In some ways, his mania was more wide-reaching than that of the typical, Collyer-brothers-style hoarder (or, say, my dad’s grandmother, whose Bronx apartment was crammed with old newspapers or soiled paper napkins.) His love was a bargain, loosely-defined. And, as is usual with hoarders, he could not part with a single treasure, be it a ten-year-old SAT prep book (“might be useful for your cousin!”), a plastic doll that he’d protest was “imported – from Taiwan!” or the XXL cotton housecoat he’d thought I might be able to “make into something.”
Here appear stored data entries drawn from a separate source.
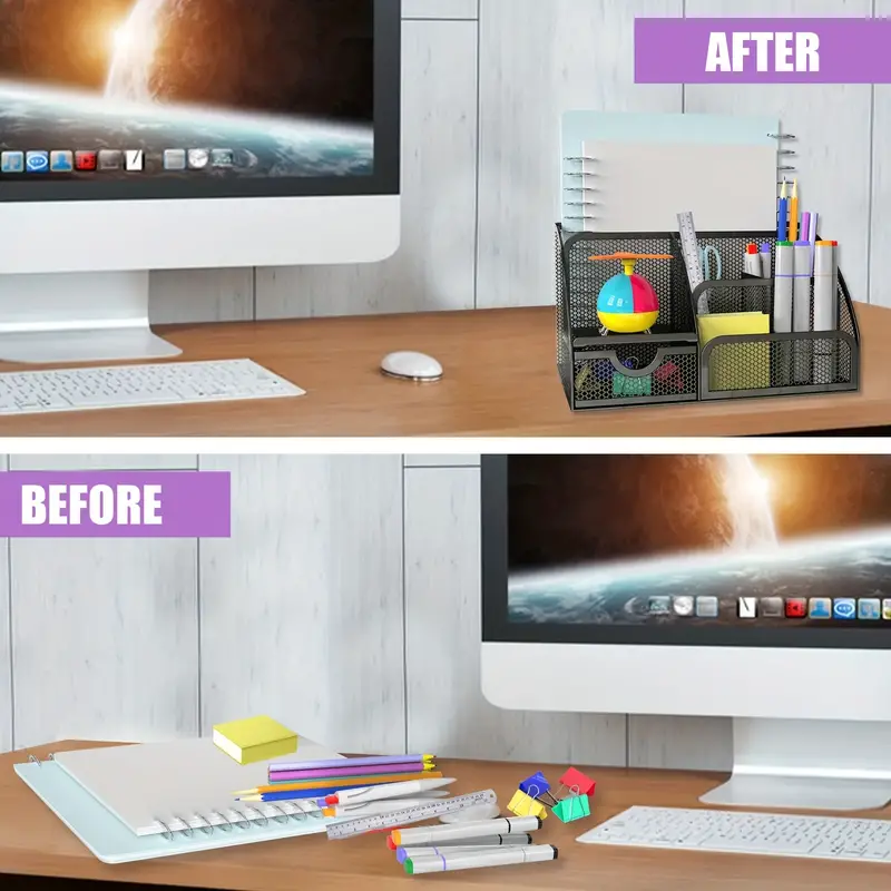 Tedd rendbe az íróasztalodat könnyedén: Ints búcsút a rendezetlen íróasztalnak! Könnyedén tárolhat tollakat, vonalzókat, ollót, könyveket, dokumentumokat, gemkapcsokat stb. egy helyen, mindent rendben tartva.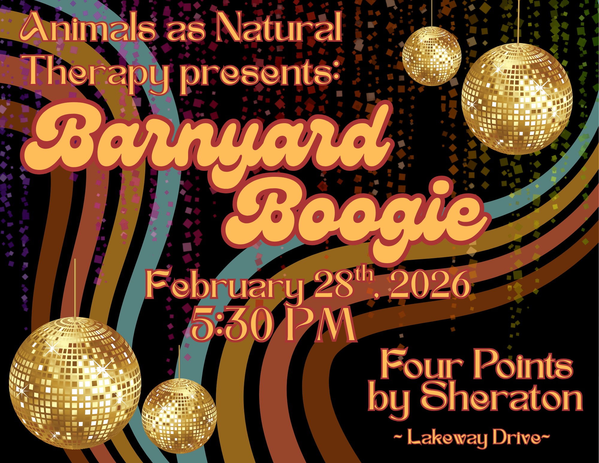 Dust off your sequins and join Animals as Natural Therapy for our signature fundraising celebration, the Barnyard Boogie Gala, on Friday, February 28th at 5:30 PM at the Four Points Sheraton on Lakeway Drive. This year’s theme is DISCO, bringing a night of sparkle, rhythm, and community together in support of life-changing animal-assisted programs.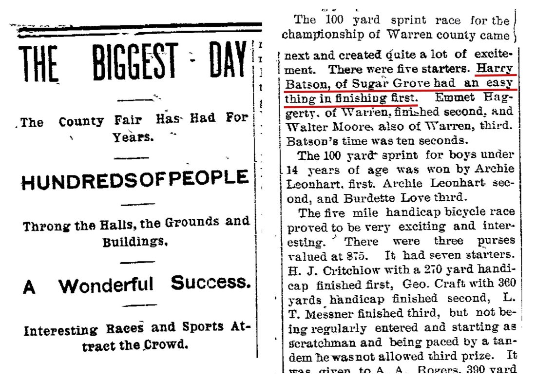 - Photo from the Sept. 17, 1898 Warren Ledger This clipping from Sept. 17, 1898 tells of Batson’s triumph in a 100 yard dash at the Warren County Fair.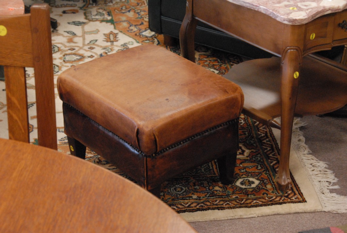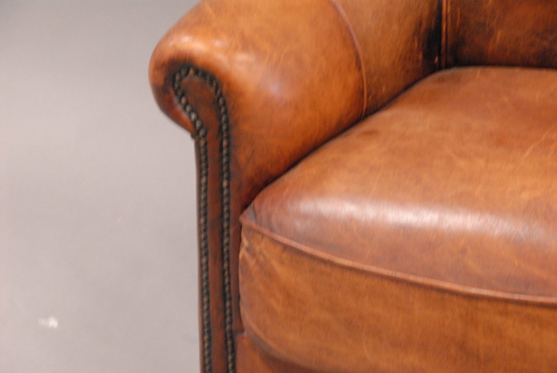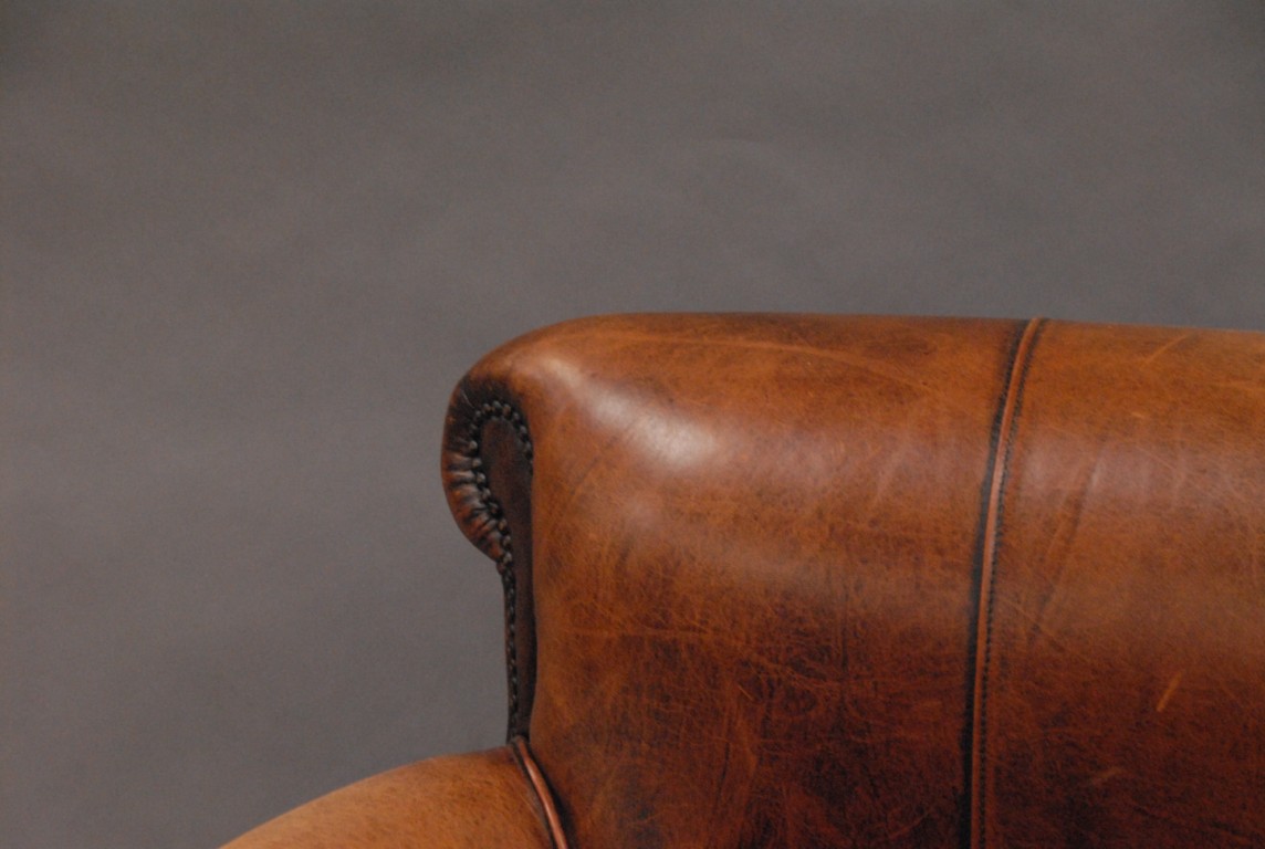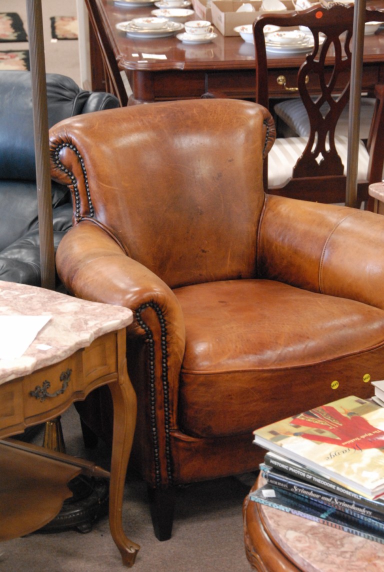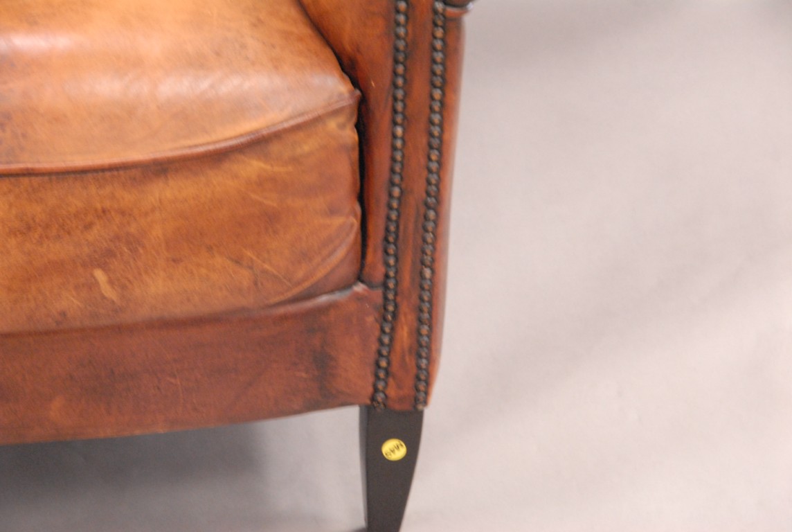 Three piece leather set to include loveseat, chair, and ottoman signed DNG Trading BV.Goor Netherlands

According to the UPI piece, hoarders are a source of shame and embarrassment to their children, sometimes to the extend that as teens they leave home. In the case of my grandpa, the greatest sufferer was surely his wife. Grandma Yumma’s eyes would fill with tears of resignation when the car pulled up, laden with another hundred discarded microwave cookbooks, a love seat, perhaps a kiddie pool. Her days were spent in fruitless fight against the clutter, the chaos, the ever-encroaching walls of junk. What seemed to us kids a wonderland of musty playhouses and mysterious treasures became, as we aged, a symbol of her defeat. When my grandparents died, in quick succession, the catharsis was swift and unsentimental. The Salvation Army made trip after pickup trip; movers shlepped dumpster after dumpster of gravel and detritus; towers came for the trailer, the cars, the boat. Some artist made a traveling exhibition with the thousands of books. Decades of craziness were erased in a matter of weeks, and yet the ghosts of all that junk somehow manage to haunt all of us still. Says a psychiatrist in the UPI article, getting hoarders to clear out their stuff is “a very challenging process.” He has no idea.